How Cheap Oil Impacts the Economy


How Cheap Oil Impacts the Economy

What happens on Wall Street doesn’t necessarily translate to Main Street. Energy companies are huge players on Wall Street so cheap oil hits them (and the stock market) hard, and the results are gloom and doom economic forecasts telling us disaster is near. However, cheap oil has an impact that goes way beyond Wall Street, and some of that impact is good for businesses and consumers. Here are some ways low oil prices will affect people and businesses, both good and bad, in 2016.

In the short term, low oil prices are good for consumers. Two major benefits are:

  1. Consumers have more money to spend. With cheap gasoline and heating fuel prices, consumers are left with more money to spend on other things, which leads to No. 2…
  2. Consumer goods are cheaper. Basically every product in the market is derived from oil at some point in the supply chain whether it’s an oil derivative such as plastic or the diesel it took to transport the goods to market. And while not all manufacturers will pass along the discount to the end user, odds are that some of the consumer products you’re purchasing will come down in price due to lower oil prices.

For example:

  1. Farmers use lots of fuel and oil in producing crops. Cheap oil results in cheap fuel – gas, diesel and LP – and could translate into lower food prices. Also, a better-than-average growing season in 2015 resulted in record crop yields which has dropped price-per-bushel, so farmers are turning to storing crops to wait for higher prices, but that wait can only last so long. While this may hurt farmers, it could help consumers.
  2. As gas prices fall, people drive more and their tires wear out faster. But since those tires are made from oil they are cheaper to produce, so putting new rubber on your ride doesn’t put as big of a dent in your wallet.
  3. Jet fuel is the biggest overhead expense for large airlines. Last year airline ticket prices dropped more than 5-percent as a result of cheap oil (hopper.com). Prices may drop even more in 2016 if oil prices stay low, meaning cheap airfare and more people planning getaways. (Although some airlines have said they will not pass these savings along to consumers. We shall see.)
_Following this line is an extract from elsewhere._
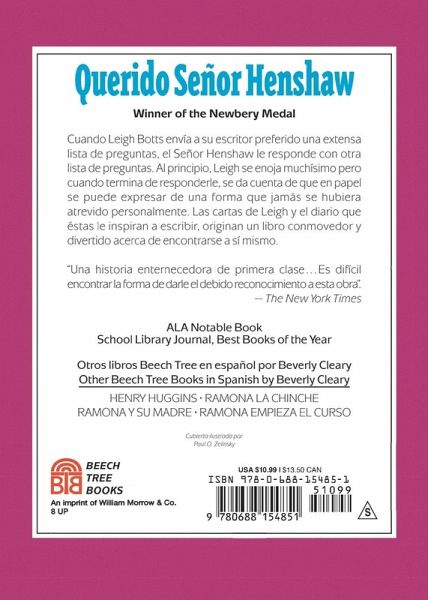 This high-quality Spanish-language book can be enjoyed by fluent Spanish speakers as well as those learning the language, whether at home or in a classroom. Este libro de Beverly Cleary que gano el Newbery Medal investiga los pensamientos y las emociones de un niño de sexto grado, Leigh Botts, en la forma de carta mientras el escribe a su escritor preferido, Boyd Henshaw. Después que su parientes se separan, Leigh Botts se mueve a una ciudad nueva con su madre. Esforzando a hacer amigos y enfrentarse con su propio ira por su padre ausente, Leigh se pierde en una tarea de escribir a su escritor preferido. Cuando Mr Henshaw le responde, los dos forman un amistad inesperada que cambia la vida de Leigh para siempre.

Long term, however, low oil prices are not good for the economy and will have negative impacts:

  1. Declining stocks and mutual funds. The stock market typically follows the oil trend so your nest egg may suffer.
  2. Job loss - companies, especially in the energy sector, see reduced profits and revenues and in turn stop investing in expansion and eliminate jobs or stifle job creation. Take our fracking example - fracking is an expensive extracting method and with oil below $40 per barrel it doesn’t pay. As a result, companies such as Halliburton, Royal Dutch Shell and Schlumberger have laid off close to 30,000 workers within the past year.
  3. Recession. It’s the four letter word of economics. Too much inflation is bad for an economy, however, so is too little. Low oil prices can lead to deflation and recession.

 

  1. In 2016, Bank of America Merrill Lynch economists predicted Main Street would fare better than Wall Street in 2016. But some economists fear low prices could lead to consumers waiting for prices to drop even more causing the economy to stagnate.
  2. In 2005 the U.S. met 35-percent of its crude oil needs. In 2015 the U.S. became the largest oil producer in the world, but produced just over half the oil it consumed, about 60-percent. With oil prices under $100 per barrel, domestic production will slow because fracking does not bring returns needed to pay for it.

The coming year will be an exciting one for the oil industry. Just as when oil prices are high, low oil prices will have a direct effect on all aspects of the economy including your business and your own pocketbook. Exactly how that will play out can be predicted, but we don’t know what, exactly, will happen until it does.